DCEPC11I - Impossible Boss
Vaibhav Sir and Saikat Sir, after completing their graduation, got a job together at a store.
Their boss at the store was Sidharth Sir, who was very strict and did not want anyone to have fun at the job. He gave Vaibhav and Saikat sir a very boring job of stacking columns of boxes in a row of size N.
To make it a little interesting, both of them decided that whenever they need to add more boxes, they will choose st and en, such that 1<=st<=en<=N, and place 1 box in column st, 2 boxes in column st+1, … and (en-st+1) boxes in column en.
When Sidharth sir saw this, he decided to have some fun of his own, and asked them to count the number of boxes in all columns from st to en, and tell him the result. Now Vaibhav and Saikat sir have come to you for help to answer the queries of their boss, as they do not want to lose their jobs.
The first line contains N, the number of columns and Q, the number of queries.

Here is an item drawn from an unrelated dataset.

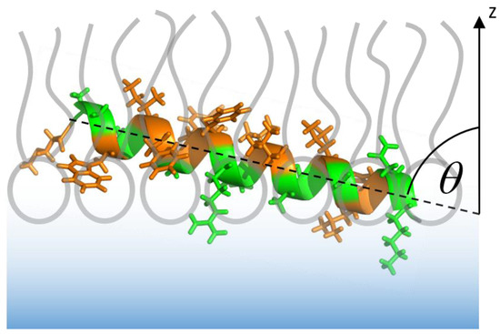 Orientation of the AH after insertion into an MMM lipid monolayer. The angle θ between helix axis (dotted) and monolayer normal (z-axis) is 77°, as determined by AoI and polarization dependent IRRA spectroscopy. The depth and the direction of insertion are proposed based on the distribution of hydrophobic (orange) and hydrophilic (green) residues and are not an experimental outcome of the IRRAS measurement. Peptide and lipid monolayer are drawn schematically and to scale.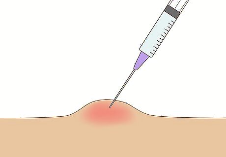 Ask your doctor about a cortisone injection. Cystic acne can be effectively treated by having a steroid, such as cortisone, injected directly into it. You could have some slight discoloration in the area as a side effect, but steroid injections have been shown to quickly improve cystic acne symptoms. Ask your doctor if you’re a good candidate for a cortisone injection.

The next Q lines can be of the following form –
1) 0 st en, meaning Vaibhav and Saikat sir add boxes to the columns from st to en as described above.
2) 1 st en, meaning Sidharth sir asks them to count the number of boxes in all columns from st to en.
For all queries of type 2, output a line containing the answer to the query.
Input: 5 6
0 2 4
1 1 5
0 1 5
0 3 5
1 1 5
1 3 5 Output: 6
Nice problem , you should try it with sqrt
Is interesting that treap or splay tree takes 2 times more than lazy st.
AC in one go
Easy Segment tree!! :)
BIT Nailed It :)
For some reason take n as long long. That's all I changed in my code and got AC from previous int n.
Nice Problem to solve.. :-)
Why language restrictions?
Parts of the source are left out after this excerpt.